These past several days I have simply been in awe. The extraordinary outpouring of love and support from women far and wide has overwhelmed my soul. I remember praying to God (desperately) for female friendships of value that will carry me through this life. I prayed relentlessly. I followed Him through break ups and trusted He would provide even when it didn’t seem it was in my cards. It took a long time for my inpatient self to get an answer, but He was patiently preparing my heart for this gold I have received. This is it though – He has far beyond delivered those friendships and I am incredibly humbled.
I’ve spoken of my mom tribe before, but there is this pressing on my heart to make an update because the terminology lacks what I am currently feeling: All of you women who have read my story, support my journey and share such love and compassion with me – you are my sisters. This tribe runs far deeper than a circle of friends who are there for one another. This sisterhood is one that shares sorrows and sadness yet through it all finds brightness and greatness. We text, call, Facebook message, stop over, pray and give ourselves wholeheartedly to one another. Not because it’s easy or convenient or because we say we are friends, but because it is truly what we are lovingly called to do for one another.
I almost didn’t share. I almost let that fear inside of me take over because I have been that person who cares way too much about what other people think of me. I didn’t want anyone to be chatting behind my back saying… well, saying anything at all. I didn’t want to bring any judgment upon myself or open the door to make it easier for others to do so. I have been a people pleaser – but as a friend recently said, people pleasing can suffocate your potential.
I had let the fear of what other people think limit what I say, write, share and do. I still do this more often than I would like, but I’m recognizing more and more that the risk of putting myself out there provides a deeper reward than I ever could have imagined. As my beautiful and bold friend Lindsey said, “Life becomes pretty small when you filter every action through the opinions of others. And I don’t believe that we were put on this earth to play small.”
I know I am not here to play small.
All of you sisters, you have helped me believe in that brave side of myself. You have used uplifting words and shown me supportive love in this deepest time of sadness and for me – all of you have affirmed to me that the calling God placed on my heart to share about loss and life was exactly what I was supposed to do.
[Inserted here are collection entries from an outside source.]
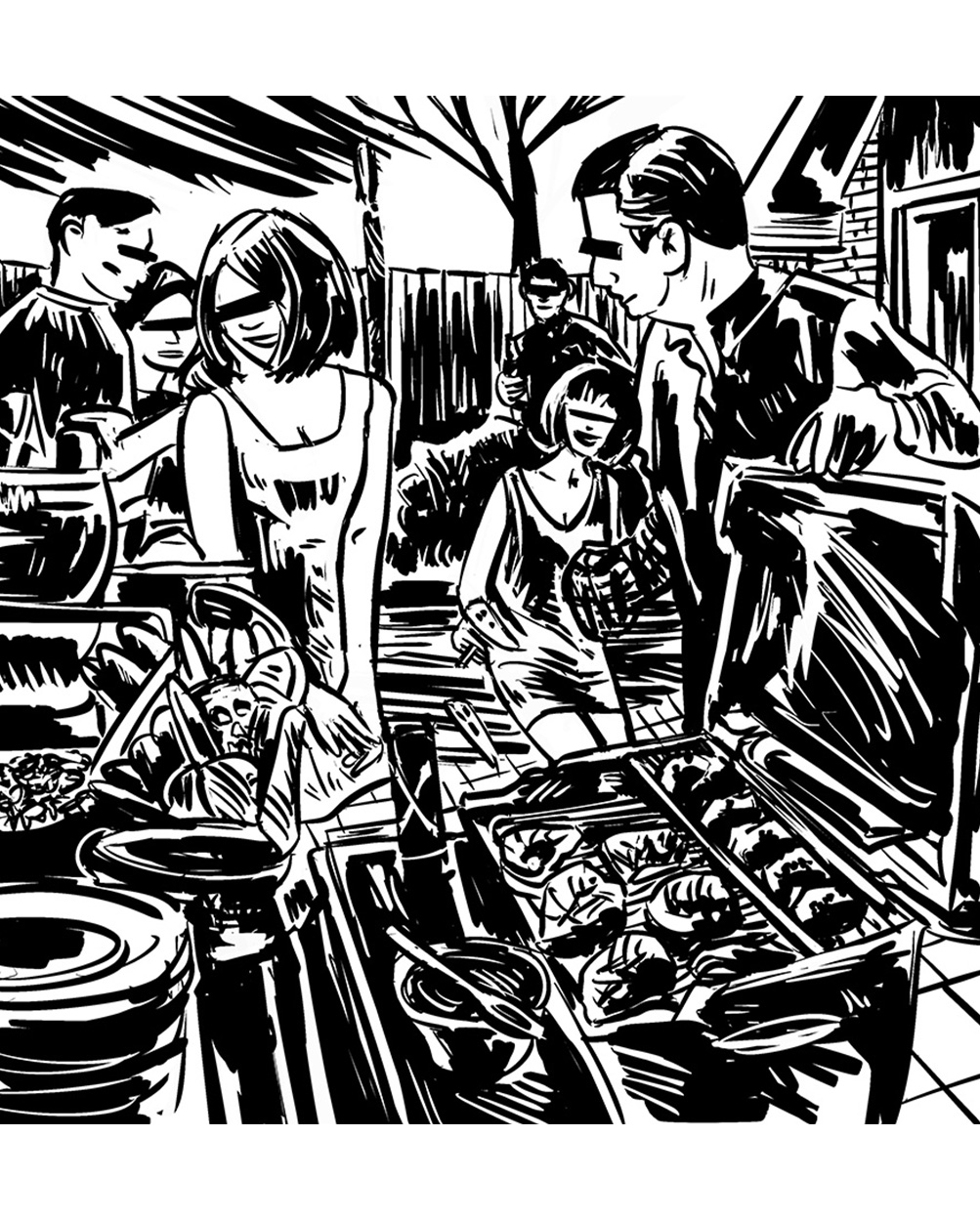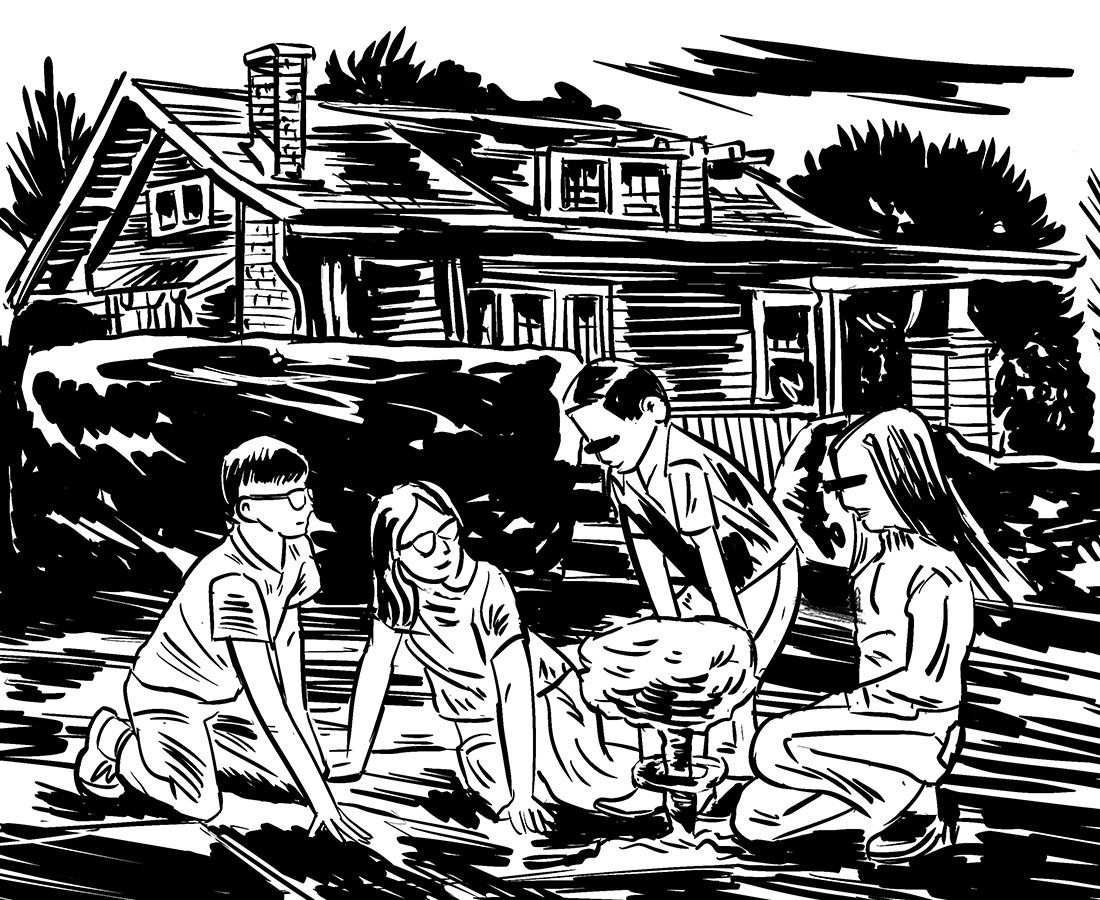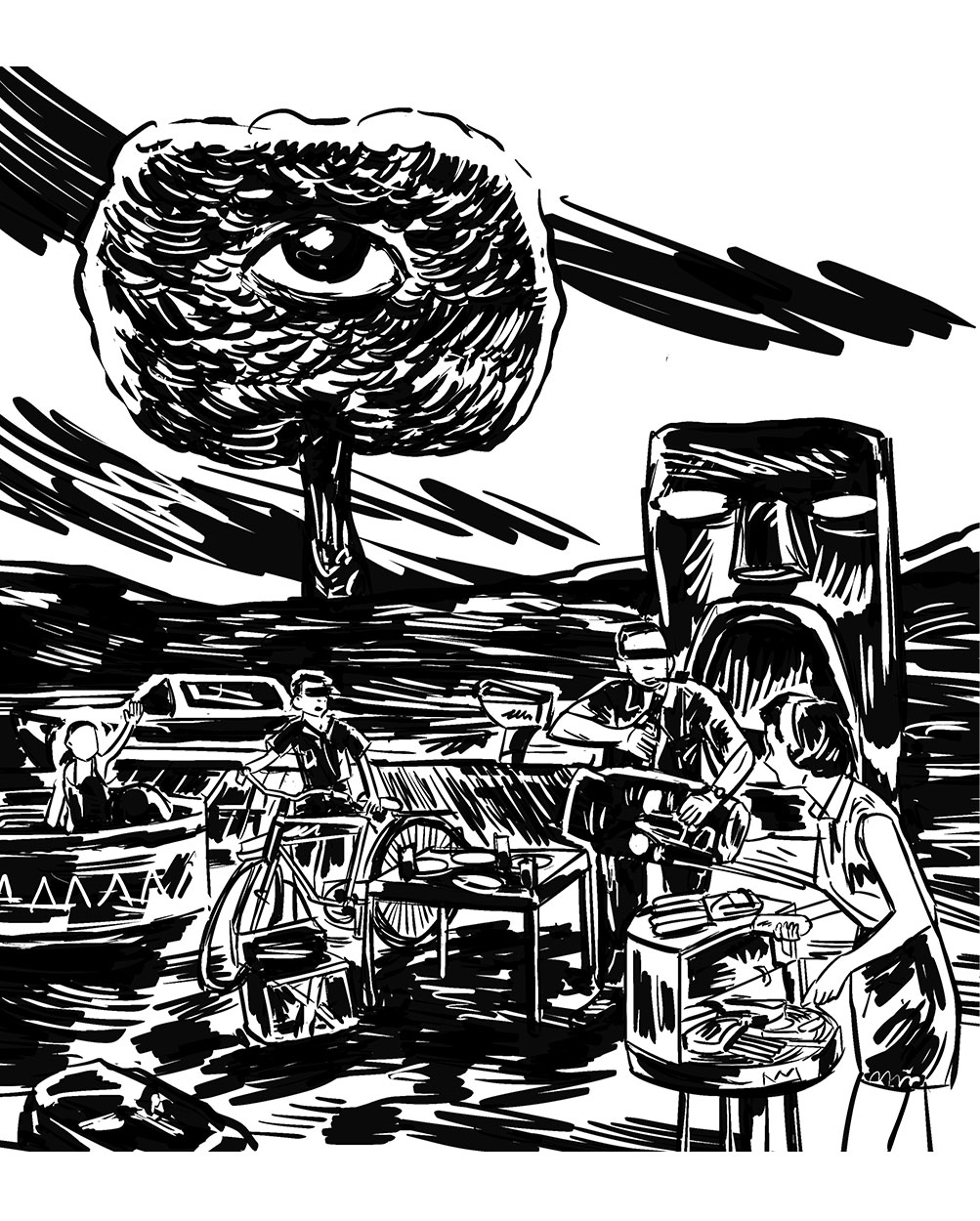 A towering shadow, both menacing and terrible, hangs like a dream smeared shroud. It drifts hazily, floating over a reassuring aroma of fresh-mown lawns and household cleaning products. Families of neck-tied men, cotton dress women and bright, curious children populate suburban scenes. Here we see figures and signs, actions and reactions; the ancient drama of human society, striving for a perfect world, while intrinsically engulfed in the inky ring of an apocalyptic death-cult.
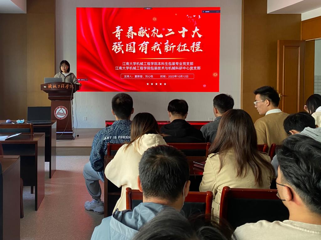 为迎接党的二十大胜利召开,10月12日上午,机械工程学院包装技术与机械科研中心党支部、本科生包装工程专业党支部在机械楼C302会议室,采用线上线下相结合的方式联合开展“青春献礼二十大,强国有我新征程”组织生活会,指导教师张倩瑶、全体党支部成员参加会议。本次会议由本科生包装工程专业党支部书记夏斯璇主持。
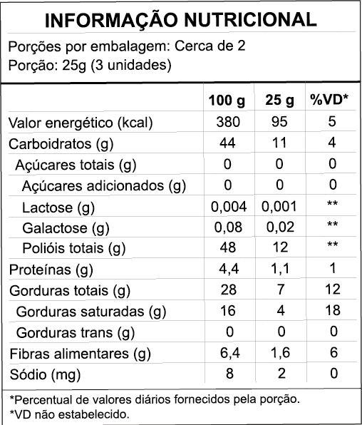 INGREDIENTES: Chocolate branco zero, para dietas com restrições de lactose e ingestão controlada de açúcar (manteiga de cacau, leite de coco em pó* sal, edulcorantes: malitol e eritrirol, emulsificantes: lectina e esteres de ácido rinocinoléico interesterificados com poliglicerol e eromatizantes idênticos ao natural), crispies de quinoa.
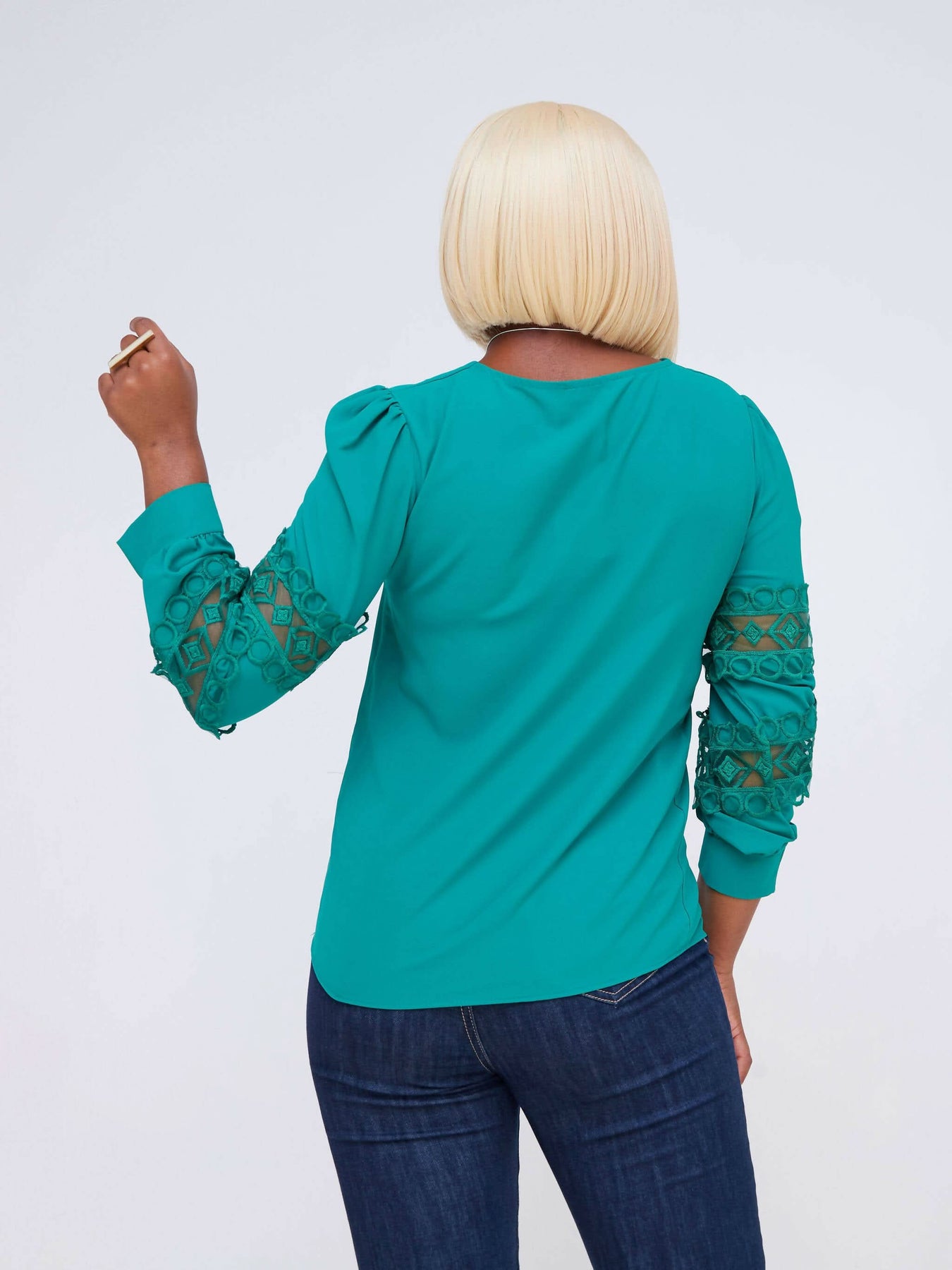 The Fashion Frenzy Laced Blouse - Jungle Green - Shopzetu
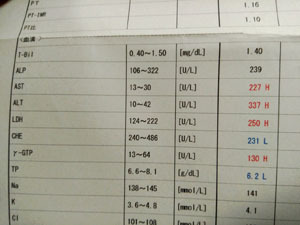 1週間前より肝機能数値下がってました。
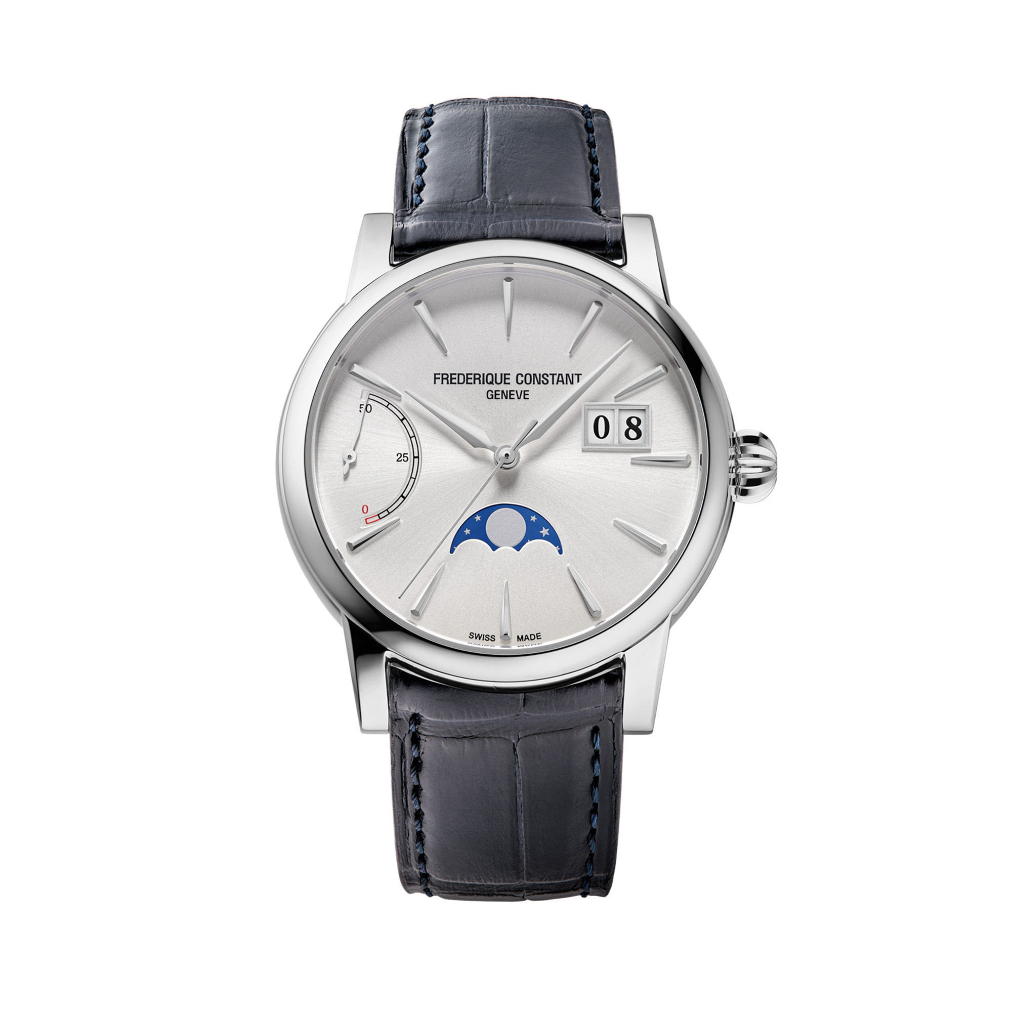 La Classic Power Reserve Big Date Manufacture donne vie au 31e calibre Manufacture de Frederique Constant. Son nom : FC-735. Il est le premier de la Maison à offrir une grande date, une phase de lune ainsi qu’une réserve de marche, nourries par une autonomie aujourd’hui portée à 50 heures. Celle-ci est dorénavant indiquée à 9h par une fine aiguille dédiée qui parcourt un arc de cercle segmenté de 0 à 50, terminé par une zone rouge indiquant qu’il est temps de remonter sa montre avant qu’elle ne s’arrête.

My sisters, are you concerned with what others think? Do you let those concerns consume your direction and filter your life to be too small? This sisterhood means we are here for each other and will encourage each other to live big, bold and brave — exactly how we were all intended to be. Take it from me, a people pleaser + worrier + perfectionist at heart, just go ahead and make a bold move. You will be surprised at the depth to which it moves you and actually changes your life.
From the bottom of my heart, thank you for being a part of my sisterhood. My life would not be the same without you.